§ **ABOUT THIS EXERCISE**
Make an exact copy, without pictures, of the lines below from the one containing "Annexé à la" to the last line, both ends included.

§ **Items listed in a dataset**
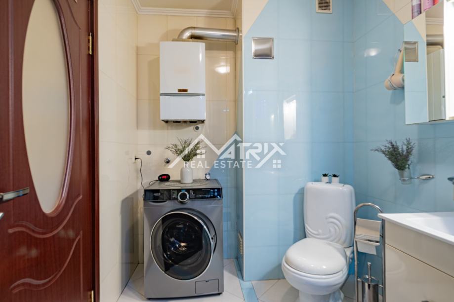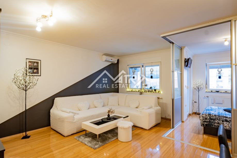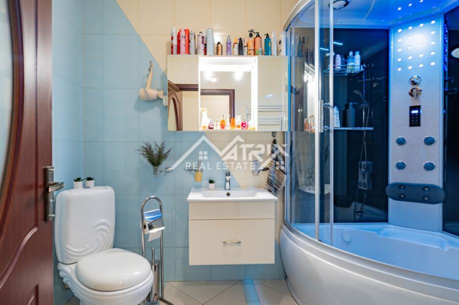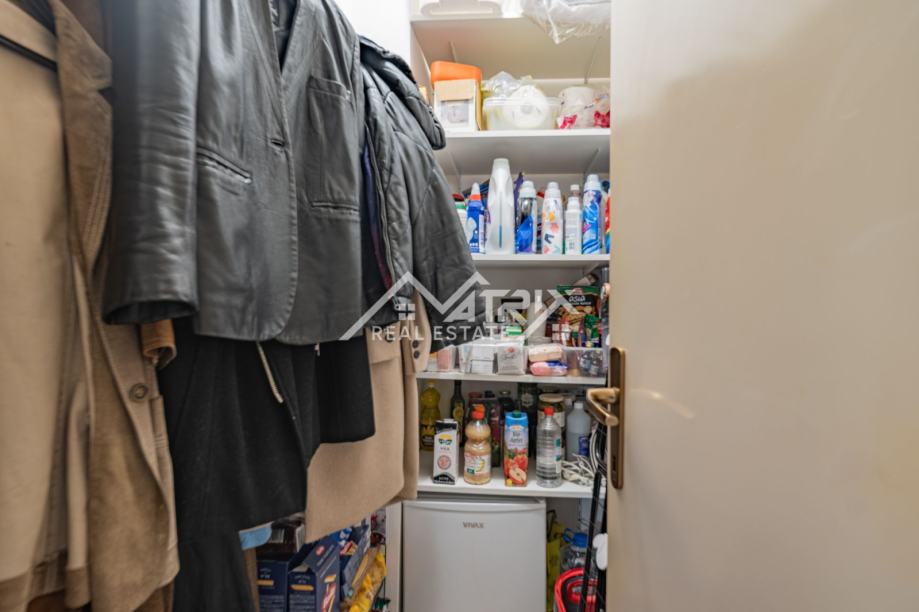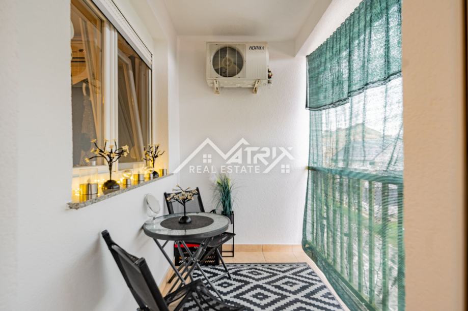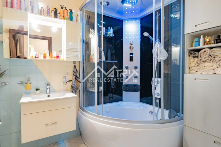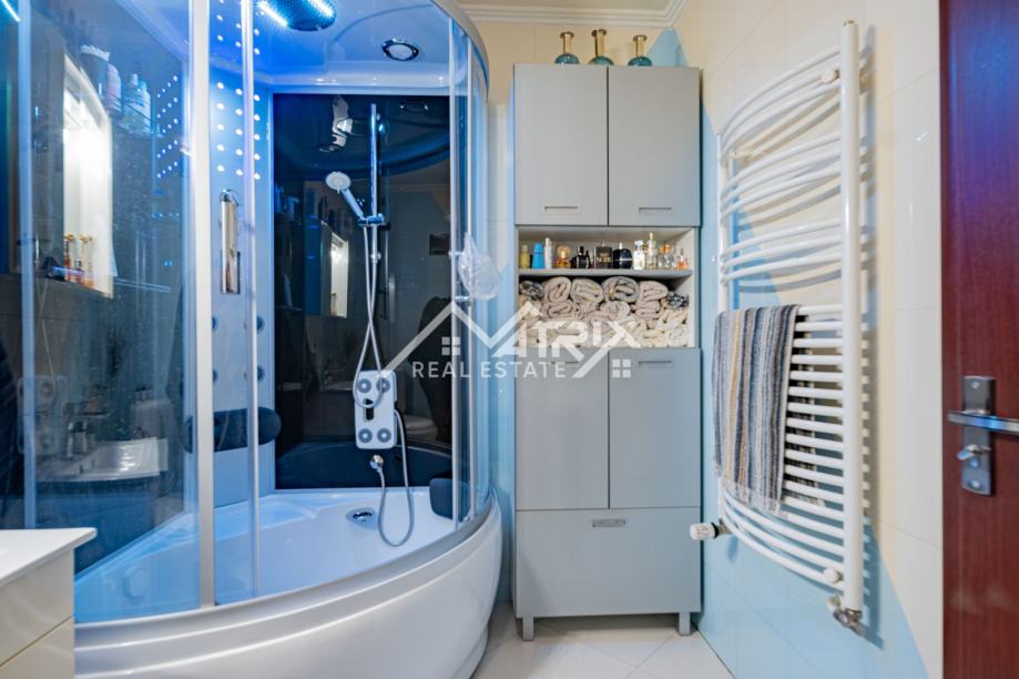 Interijer ostavlja dojam dobrog održavanja, s toplim drvenim podovima i modernim detaljima koji stvaraju ugodnu atmosferu. U dnevnoj zoni nalazi se klima-uređaj, koristan za ugodnu temperaturu kroz sva godišnja doba. Kupaonica je suvremeno uređena te pruža dodatni komfor zahvaljujući kutnoj tuš-kabini i hidromasažnom stupu.
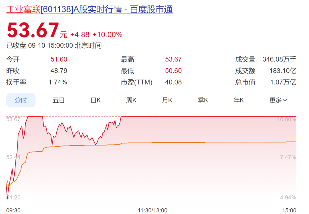 市场方面,今日开盘,果链巨头工业富联(601138.SH)股价高开高走。收盘涨停,报53.67元/股,总市值1.07万亿元。
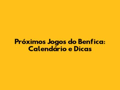 Próximos Jogos Do Benfica: Calendário E Dicas
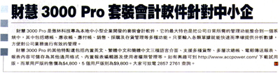 、內置報表編輯器及使用者權限管理等。如有興趣可以到http://www.accpower.com下載試用版。單用戶版的售價為$4,800,五個用戶版是$9,800。大家可致電2857
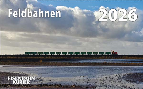 Feldbahnen 2026 Große Helfer auf kleiner Spur! Mit einer Spurweite von nur 600 mm gehören die Feldbahnen zu den kleinsten Eisenbahnen. Im Bergbau, in der Industrie, im öffentlichen Verkehr und in vielen anderen Einsatzgebieten sind sie immer noch weltweit unterwegs. Wir zeigen die kleinen, quirligen Bahnen sowohl im aktiven wie auch im Museumsbetrieb. 13 farbige Kalenderblätter auf Kunstdruckpapier,
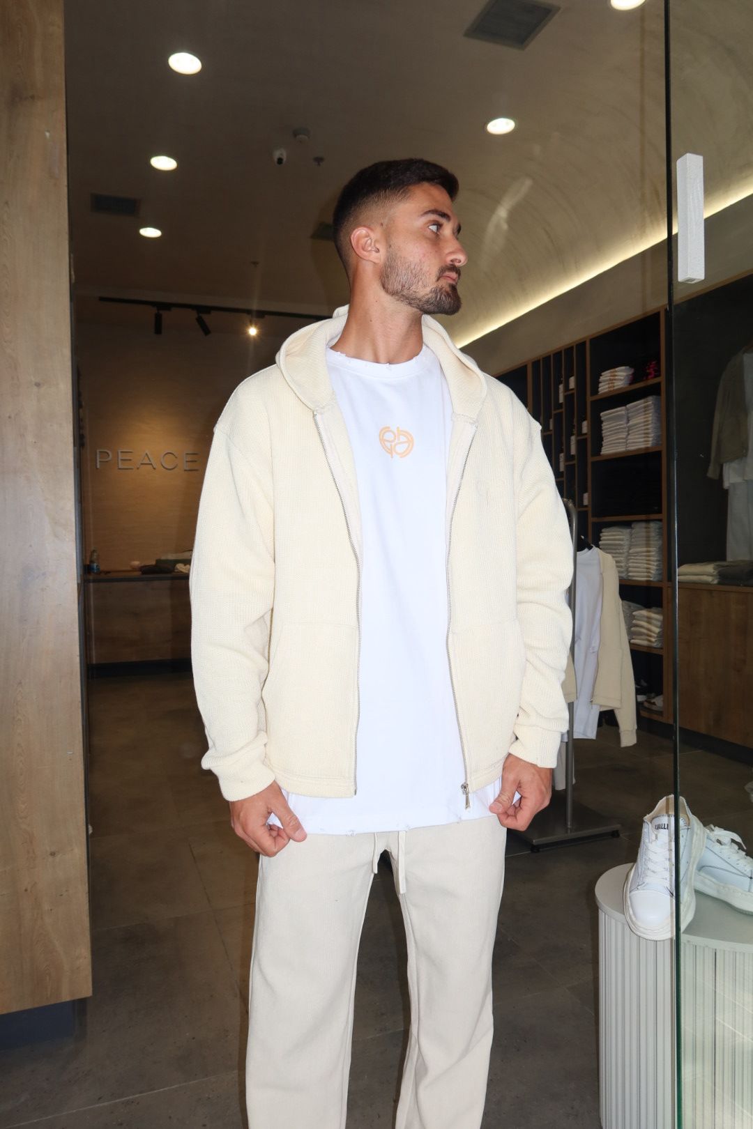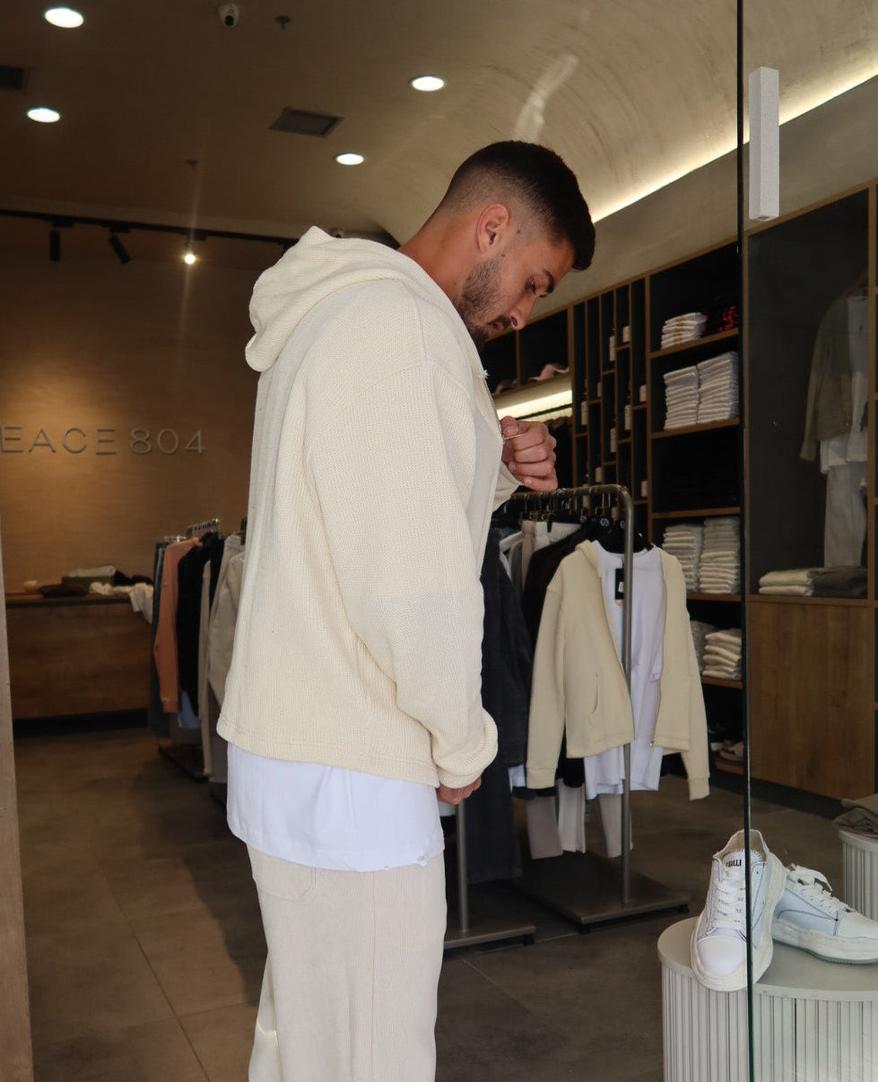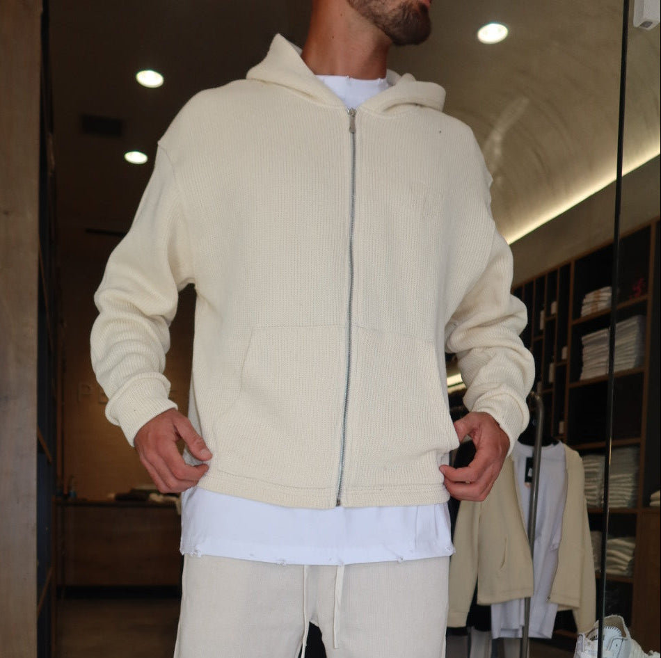 ג׳קט סריג בצבע שמנת בגזרה מעט אוברסייז, עם מראה נקי ועל-זמני שמתיישב בדיוק על הקו היוקרתי של PEACE804. הסריג רך, נעים ומרגיש כמו שכבה טבעית על הגוף, כזה שמוסיף סטייל בלי מאמץ. הרוכסן המלא מעניק אפשרות ללבוש פתוח או סגור, והכיסים הקדמיים נותנים טאצ׳ פרקטי שמשתלב בצורה אלגנטית עם העיצוב.
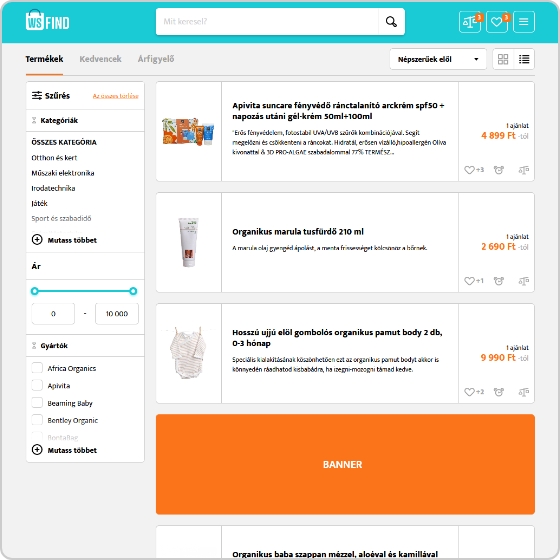 A webshop profil oldalakon jelenik meg jelenik meg a vásárolt időtartam alatt. Eszköz felbontáshoz alkalmazkodó méretű.
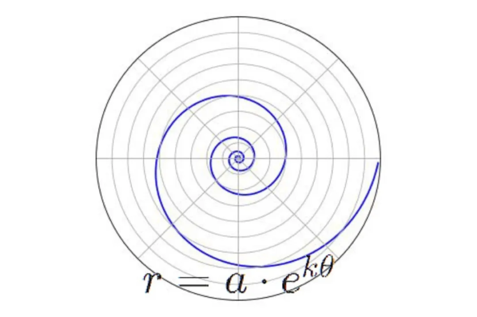 具体以鹦鹉螺的外壳切面是一个等角螺线为例。在极坐标系下,等角螺线的方程是 ,其对应的微分方程是 。也就是说,螺线的半径随着角度的增大而增大,且增长率是与半径成正比例的。事实上,正如大自然中的很多生物一样,鹦鹉螺的体积越大,新增体积也就越大,所以需要按照等角螺线设计的外壳来容下它们的躯体。
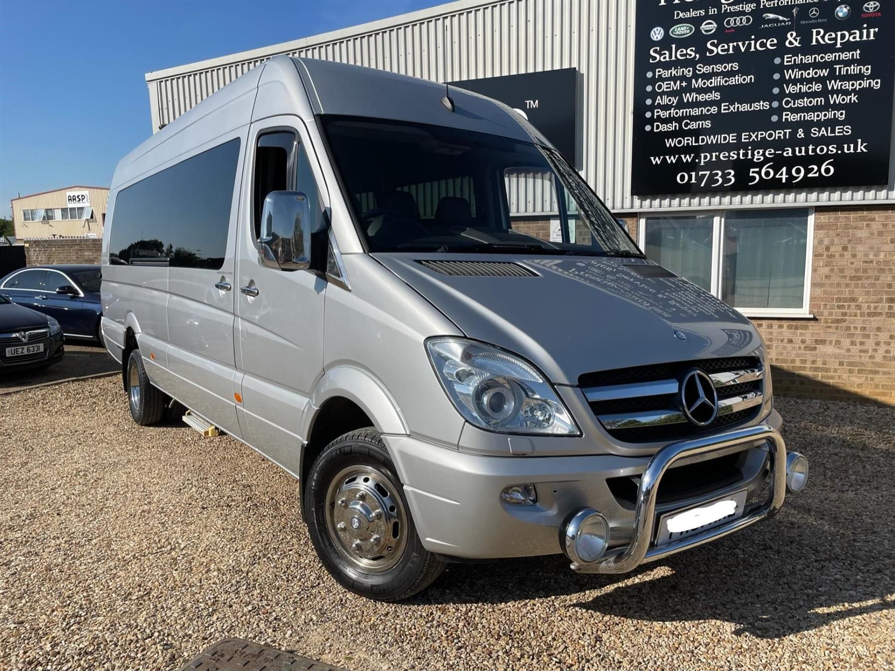 STUNNING EXAMPLE SUPER RARE 5 TONNE 516 CDI MERCEDES SPRINTER. MEGA SPEC VEHICLE. INDIVIDUALLY ORDERED, 1 PRIVATE OPERATOR OWNER FROM NEW. PSV MOT VALID TILL 06/03/23, FULLY SERVICED WITH GENUINE MB PARTS+OIL, READY FOR WORK. EXTRA LONG WHEEL BASE HI ROOF MODEL. UNIQUE FACTORY ORDERED INDIVIDUAL SPEC BUS. FACTORY GLAZING WITH BERNARD MANSELL INTERIOR / SEAT CONVERSION. 5000KG GROSS VEHICLE WEIGHT. TWIN REAR WHEELS. 2.1 CDI 163 BHP TWIN TURBO DIESEL WITH 6 SPEED GEARBOX. 16 PASSENGER SEATS WITH REAR BOOT / LUGGAGE AREA. STANDARD BUS TAX BAND 12 MONTHS PRICED �165. EUROLINER CHROME WHEEL COVERS ALL ROUND. METALLIC BRILLIANT SILVER PAINTWORK WITH FACTORY COLOUR CODED BUMPERS. TWIN ELECTRIC SLIDING DOORS. TWIN REAR WRAP AROUND DOORS WITH FACTORY GLAZING. FACTORY DARK TINTED HEAT ABSORBING GLASS ALL ROUND. DIGITAL TACHO. FACTORY FITTED BI XENON HEADLIGHTS WITH CORNERING ILLUMINATION. HEADLIGHT POWERWASH. FACTORY FITTED CLIMATE CONTROL AIR CON FRONT AND REAR. FACTORY FITTED MUDFLAPS. FACTORY FITTED TOWBAR WITH 13 PIN ELECS AND FACTORY FITTED REAR STEP. ELEC RETRACTING SIDE STEPS BOTH SIDES. CHROME A BAR TO FRONT WITH SPOT LIGHTS. FACTORY FITTED FRONT FOG LIGHTS. HEATED ELEC ADJUSTABLE MIRRORS. BLUETOOTH TELEPHONE INTEGRATION. AUDIO 20 CD RADIO MP3 PLAYER WITH AUX IN USB MUSIC CONNECT. REMOTE CENTRAL LOCKING. CHROME DOOR HANDLES ALL ROUND. CHROME MIRRORS. WOOD TRIM KIT TO CAB. DRIVES BEAUTIFULLY. STUNNING LUXURY MINI COACH MINIBUS. DEFINITELY WONT BE FINDING ANOTHER ONE LIKE THIS. FOR ALL ENQUIRIES PLEASE CALL JIMMY ON +44(0)7989 123497 / +44(0)1733 564926. CHOICE OF QUALITY USED COMMERCIALS ALWAYS IN STOCK. WORLDWIDE EXPORT ENQUIRIES WELCOME. SHIPPING ARRANGED. FINANCE ARRANGED AT MARKET LEADING RATES. NATIONWIDE DELIVERY SERVICE AVAILABLE. ALL DEALER FACILITIES. FULL PERSONALISED VIDEOS AVAILABLE. CONTACTLESS VIEWING & PURCHASING AVAILABLE. FOR ALL ENQUIRIES PLEASE CALL JIMMY ON 07989 123497 / 01733 564926. FOR MORE PICTURES PLEASE VISIT DEALER WEBSITE. SPECIALIST SUPPLIER OF PRESTIGE, PERFORMANCE & 4X4's. HONEST FRIENDLY & PROFESSIONALLY RUN FAMILY BUSINESS. 3 GENERATIONS OF EXPERIENCE. GENUINE 5 STAR SERVICE & REVIEWS TO REFLECT. BUY WITH CONFIDENCE. GOOD OLD FASHIONED NO NONSENSE CUSTOMER FIRST APPROACH. FOR FULL STOCKLIST PLEASE VISIT DEALER WEBSITE.
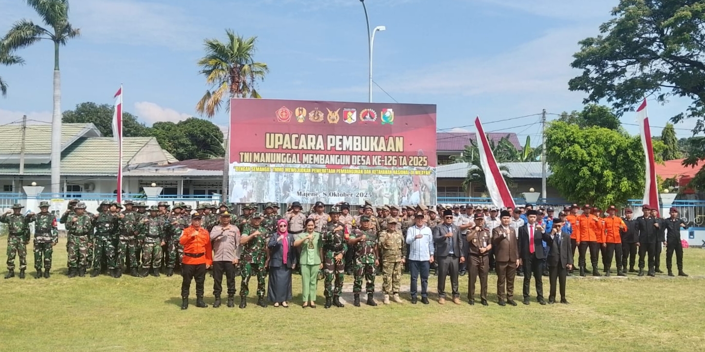 Kini Upacara pembukaan kegiatan TMMD ke-126 tahun 2025 dipimpin Bupati Majene DR. H. Andi Achmad Syukri Tammalele di halaman Pendopo Rumah Jabatan (Rujab) Bupati Majene, Rabu (08/10/2025).
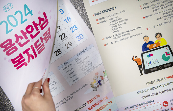 [시민일보 = 홍덕표 기자] 서울 용산구(구청장 박희영)가 ‘2024년 용산안심복지달력’ 5000부를 제작했다. 동 주민센터에서 지난 19일부터 사회보장급여 대상자에 순차적으로 배부하고 있다.
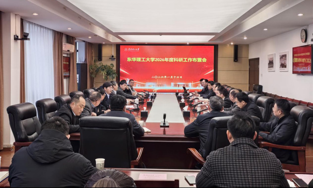 1月16日上午,东华理工大学召开2026年度科研工作布置会,全面部署本年度科研重点任务。校党委副书记、校长罗仙平出席会议并讲话,校党委常委、副校长邓居智主持。
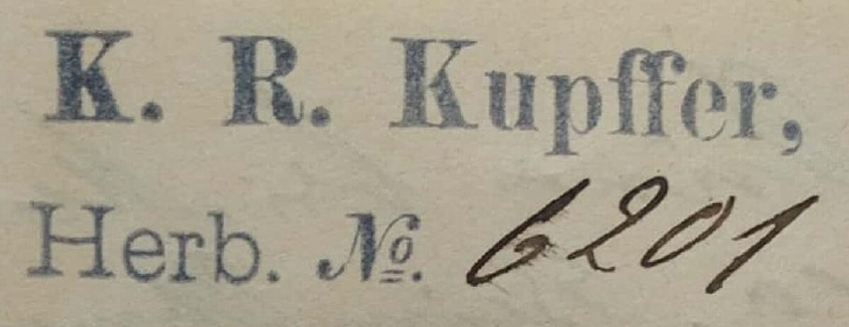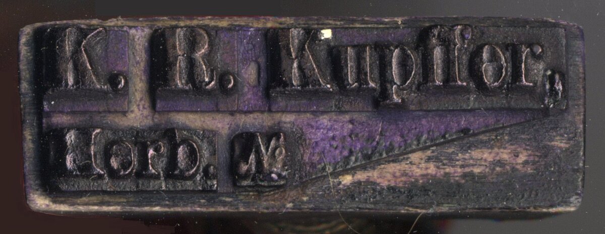 - Taisnstūra formas spiedogs ar uzrakstu “Determ. K. R. Kupffer, Riga, 19” ar tukšu vietu, kur precizēt gada skaitli. Determ. ir saīsinājums no latīņu vārda determinatio, kas nozīmē noteikšana, šajā gadījumā - auga sugas noteikšana.
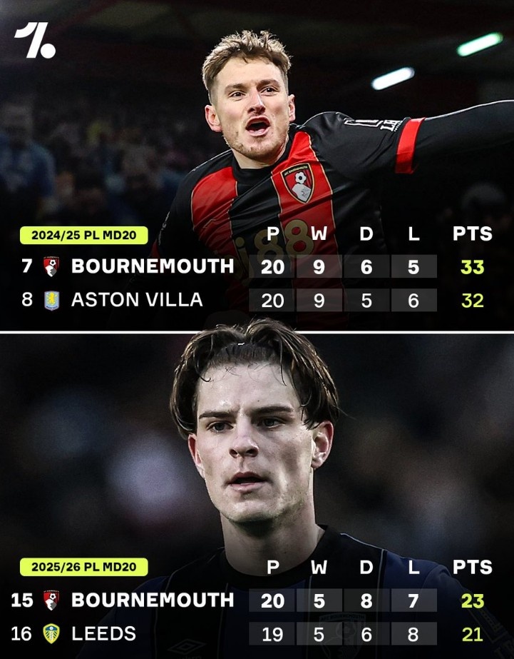 伯恩茅斯上赛季同期高居第7,本赛季少10分只排在第15
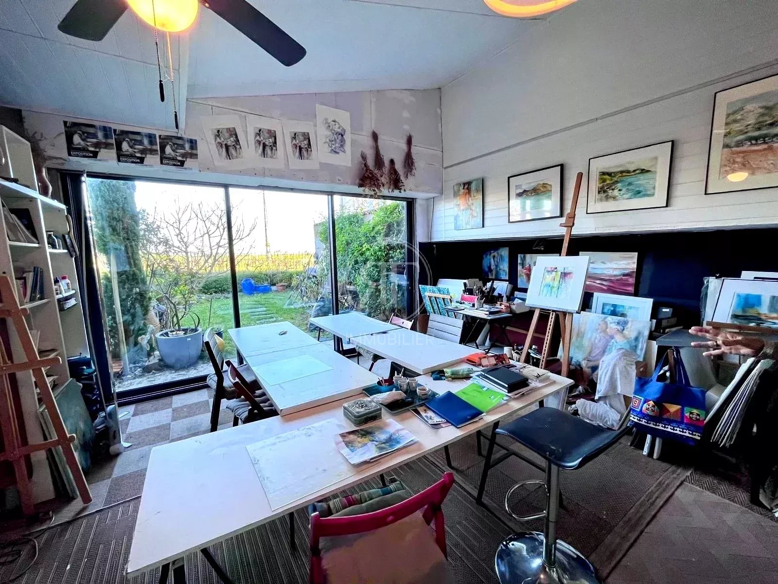 Annexé à la maison, une partie du garage a été aménagé en atelier avec une grande baie vitrée, pouvant servir d'espace de vie complémentaire.
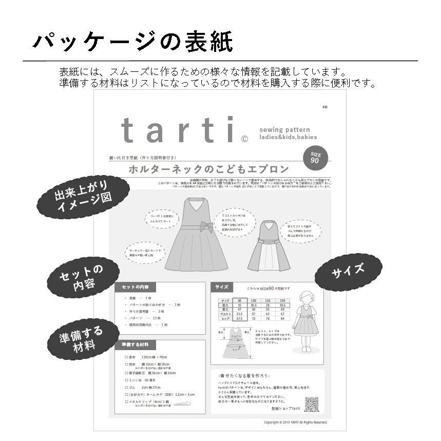 ❷パターンを利用した商品の販売 販売の際と、購入者への商品引き渡しの際にtarti の型紙だということを下記指定の方法で表示すれば可。
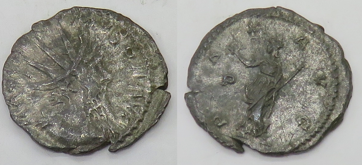 | RIC 318 | Postumus Bi. Antoninianus. Cologne mint, 268 AD. IMP C POSTVMVS P F AVG, radiate, draped and cuirassed bust right / PAX AVG, Pax standing left with branch and sceptre. P in left field. RIC 318, RSC 215, Elmer 333; Sear 10966. Compare with RIC 78 above. |
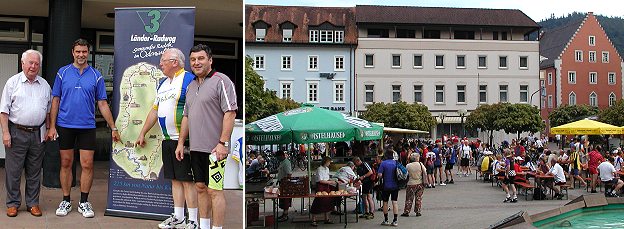 Grenzenlose Radtour am Etappenziel Eberbach angekommen Herrmann Bussemer mit den Landräten Detlef Piepenburg, Horst Schnur und Roland Schwing (Fotos:Claussen)

§ **EXERCISE ANSWER**
 Annexé à la maison, une partie du garage a été aménagé en atelier avec une grande baie vitrée, pouvant servir d'espace de vie complémentaire.
 ❷パターンを利用した商品の販売 販売の際と、購入者への商品引き渡しの際にtarti の型紙だということを下記指定の方法で表示すれば可。
 | RIC 318 | Postumus Bi. Antoninianus. Cologne mint, 268 AD. IMP C POSTVMVS P F AVG, radiate, draped and cuirassed bust right / PAX AVG, Pax standing left with branch and sceptre. P in left field. RIC 318, RSC 215, Elmer 333; Sear 10966. Compare with RIC 78 above. |
 Grenzenlose Radtour am Etappenziel Eberbach angekommen Herrmann Bussemer mit den Landräten Detlef Piepenburg, Horst Schnur und Roland Schwing (Fotos:Claussen)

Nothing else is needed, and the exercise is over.